● DESCRIPTION OF THE TASK: Omit every picture and return the rest of the data unaltered.

### RECORDS FOR PROCESSING

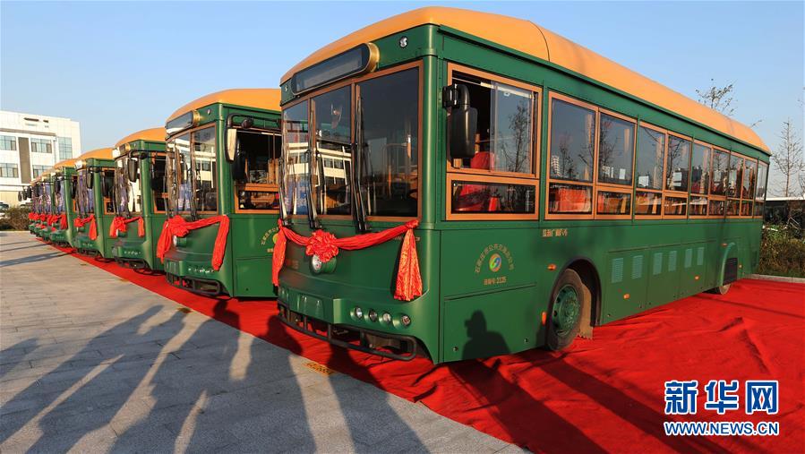 这是10月31日拍摄的即将上线运营的“铛铛车”。 11月1日,18辆“铛铛车”正式在河北石家庄市上线运营,运行线路包含市区内5大商业圈,采用5元一票制。 新华社发(郑荣玺 摄)
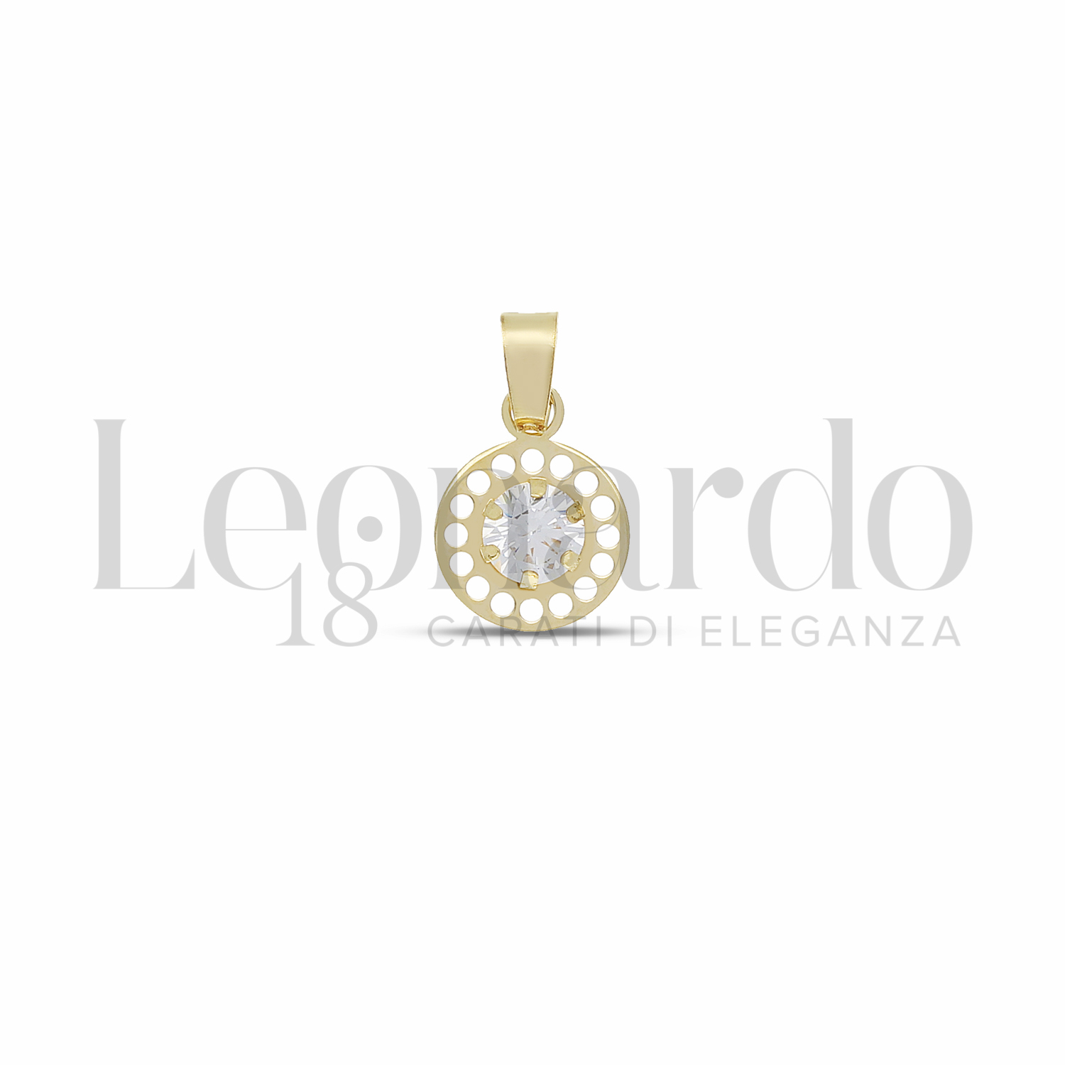 Pendente Punto Luce Da Donna, Tondo, con Zircone Bianco da 4 mm, finitura lucida in Oro Giallo.
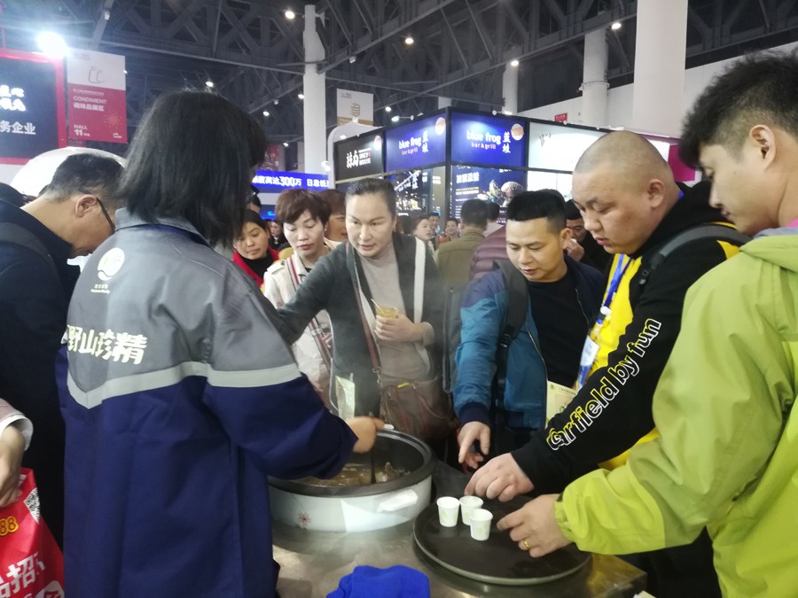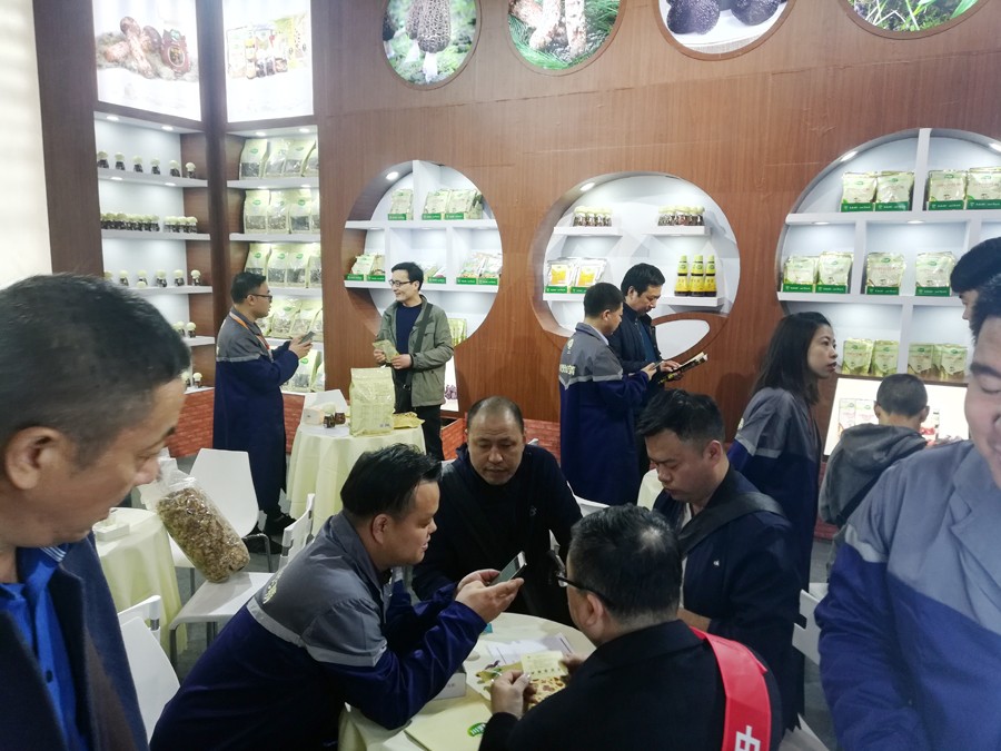 位于11号馆的川野展台,以原木颜色为底蕴,亲近自然,突显川野“源自森林的野生菌美食”理念。展台前客商如织,订货的、咨询的、品尝的客商数以千计,展台上各类菌菇产品让人眼花缭乱。
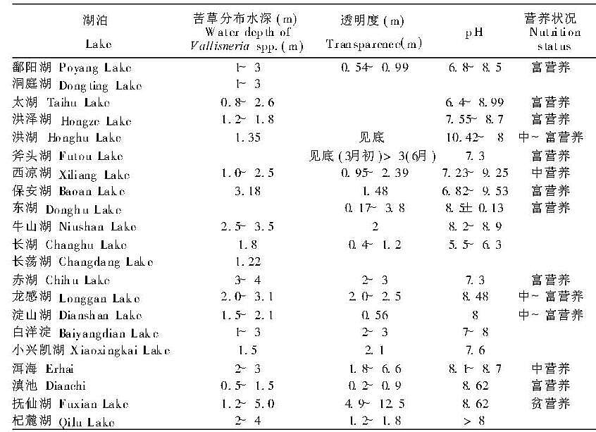 刺苦草是長(zhǎng)江中下游湖泊的優(yōu)勢(shì)物種,苦草為常見(jiàn)種,而密刺苦草(V. denseserrulata)僅有很少分布,苦草和刺苦草常混生于這些湖泊中,形成共存分布格局:刺苦草和苦草種間呈明顯的的帶狀相間分布格局,或苦草只零星分布于刺苦草群落中。
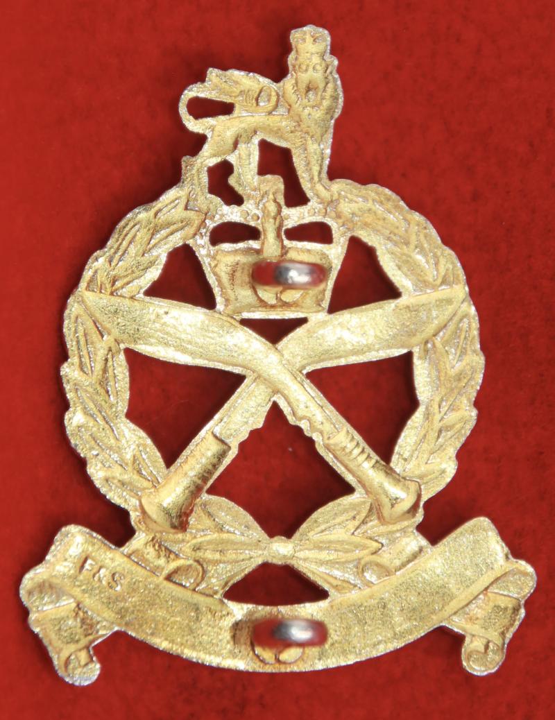 A silver-plated and gilt cap badge for an officer of The Gurkha Adjutant General's Corps with two lug fastenings (north and south). The reverse is marked F&S for manufacturer Firmin & Sons.
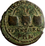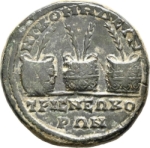 confronted laureate, draped and cuirassed busts of Valerian and Gallienus; between, bare-headed, draped and cuirassed bust of Valerian II, right |
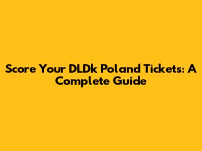 Score Your DLDk Poland Tickets: A Complete Guide
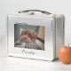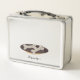 This is a standard metal lunchbox that appears to work just fine. We designed this box ourselves with an uploaded photo and custom text on the front and back. It looks absolutely beautiful except the front of the lunchbox is not centered like it shows in the photo. The print borders don't align with the inset flat part of the box where the preview photo online showed it perfectly centered in there. The back looks nice and centered though.
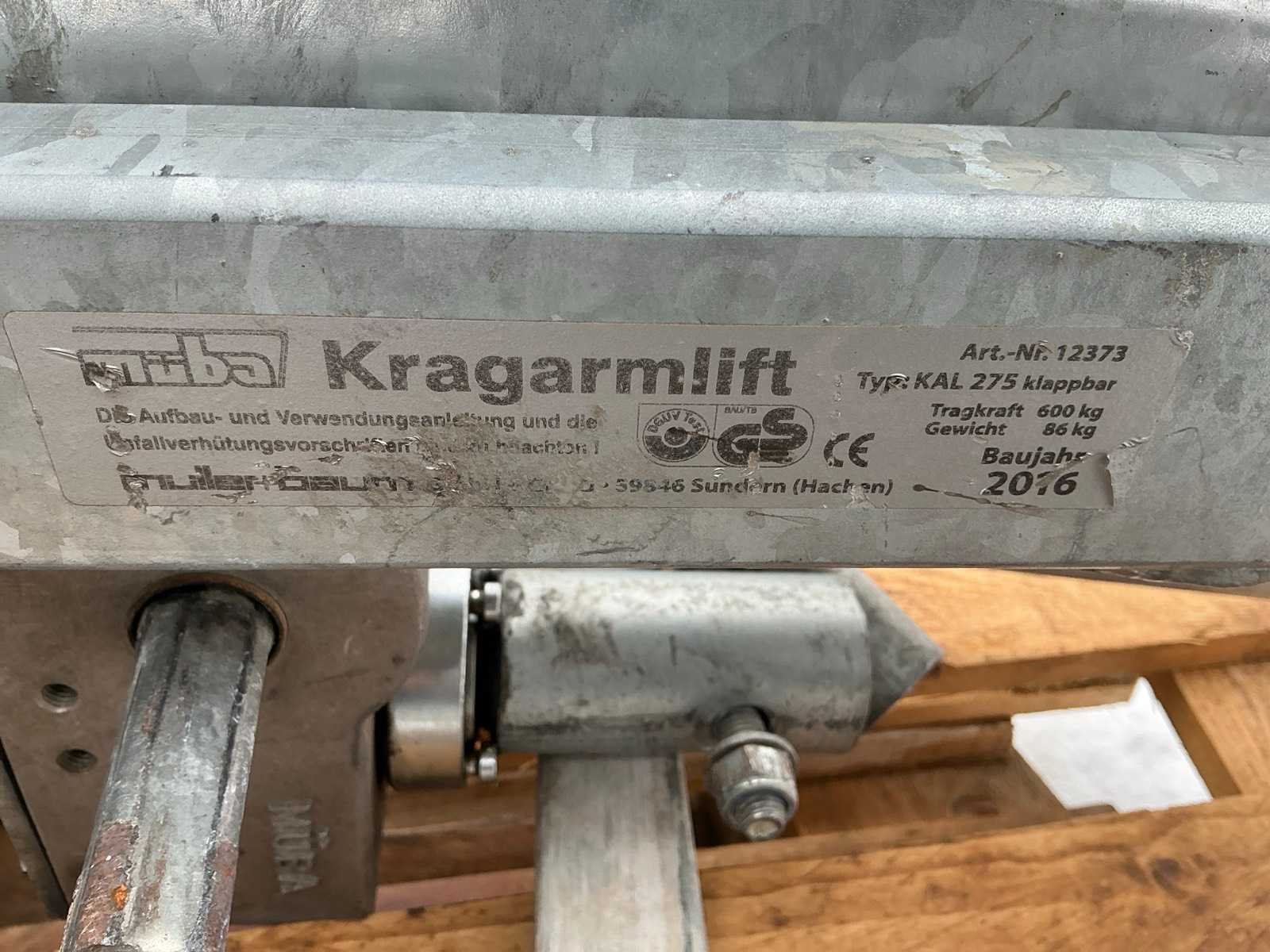 Verrijdbaar; handbediend; gegalvaniseerd profielstaal; minimale hefhoogte 1100 mm; demontabel transporteerbaar; not working Nee Merk: Muba Type: KAL 275 Bouwjaar: 2016 Hijsvermogen: 600kg Max. hefhoogte: 3m Eigen gewicht: 86kg Totale afmeting L: 1570mm Totale afmeting Breedte: 730mm Totale afmeting Hoogte: 600mm
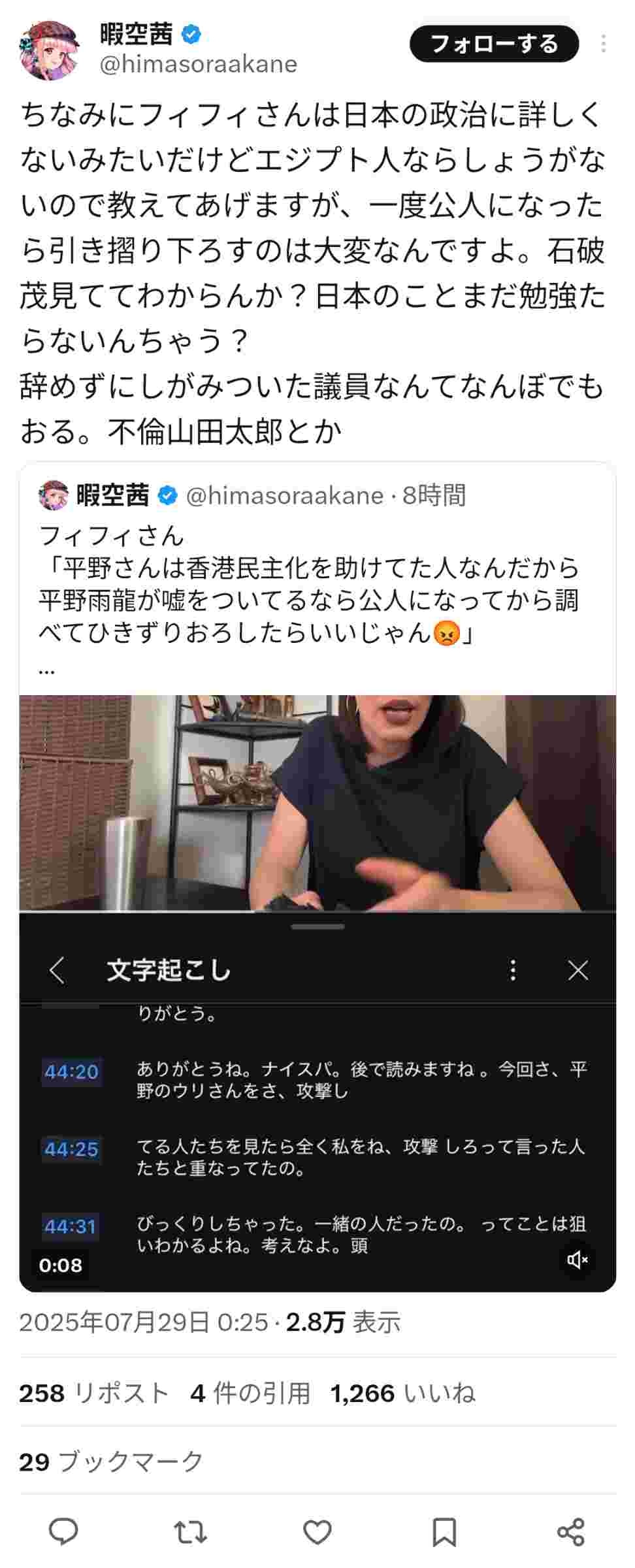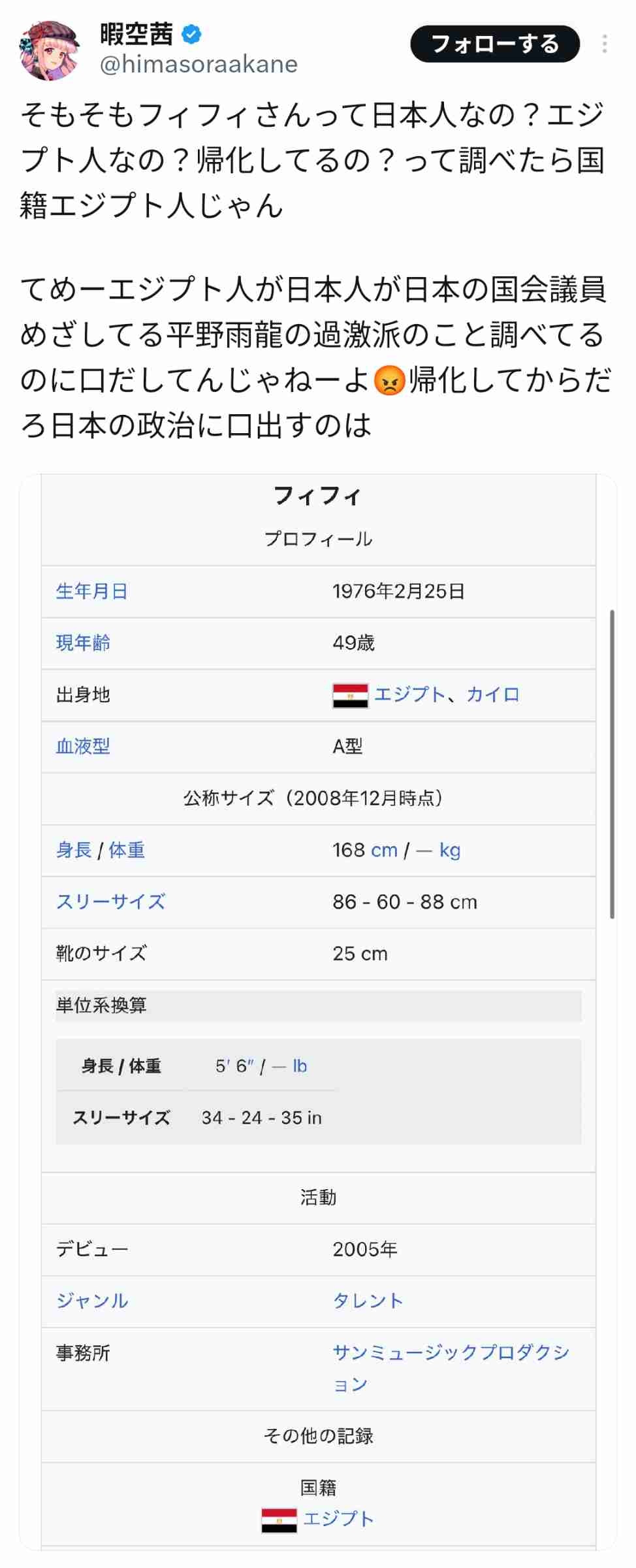 作家・暇空茜氏「フィフィ、てめーエジプト人が日本の政治に口出してんじゃねえ。帰化してから言えや」

######

● RESPONSE BELOW:
 这是10月31日拍摄的即将上线运营的“铛铛车”。 11月1日,18辆“铛铛车”正式在河北石家庄市上线运营,运行线路包含市区内5大商业圈,采用5元一票制。 新华社发(郑荣玺 摄)
 Pendente Punto Luce Da Donna, Tondo, con Zircone Bianco da 4 mm, finitura lucida in Oro Giallo.
 位于11号馆的川野展台,以原木颜色为底蕴,亲近自然,突显川野“源自森林的野生菌美食”理念。展台前客商如织,订货的、咨询的、品尝的客商数以千计,展台上各类菌菇产品让人眼花缭乱。
 刺苦草是長(zhǎng)江中下游湖泊的優(yōu)勢(shì)物種,苦草為常見(jiàn)種,而密刺苦草(V. denseserrulata)僅有很少分布,苦草和刺苦草常混生于這些湖泊中,形成共存分布格局:刺苦草和苦草種間呈明顯的的帶狀相間分布格局,或苦草只零星分布于刺苦草群落中。
 A silver-plated and gilt cap badge for an officer of The Gurkha Adjutant General's Corps with two lug fastenings (north and south). The reverse is marked F&S for manufacturer Firmin & Sons.
 confronted laureate, draped and cuirassed busts of Valerian and Gallienus; between, bare-headed, draped and cuirassed bust of Valerian II, right |
 Score Your DLDk Poland Tickets: A Complete Guide
 This is a standard metal lunchbox that appears to work just fine. We designed this box ourselves with an uploaded photo and custom text on the front and back. It looks absolutely beautiful except the front of the lunchbox is not centered like it shows in the photo. The print borders don't align with the inset flat part of the box where the preview photo online showed it perfectly centered in there. The back looks nice and centered though.
 Verrijdbaar; handbediend; gegalvaniseerd profielstaal; minimale hefhoogte 1100 mm; demontabel transporteerbaar; not working Nee Merk: Muba Type: KAL 275 Bouwjaar: 2016 Hijsvermogen: 600kg Max. hefhoogte: 3m Eigen gewicht: 86kg Totale afmeting L: 1570mm Totale afmeting Breedte: 730mm Totale afmeting Hoogte: 600mm
 作家・暇空茜氏「フィフィ、てめーエジプト人が日本の政治に口出してんじゃねえ。帰化してから言えや」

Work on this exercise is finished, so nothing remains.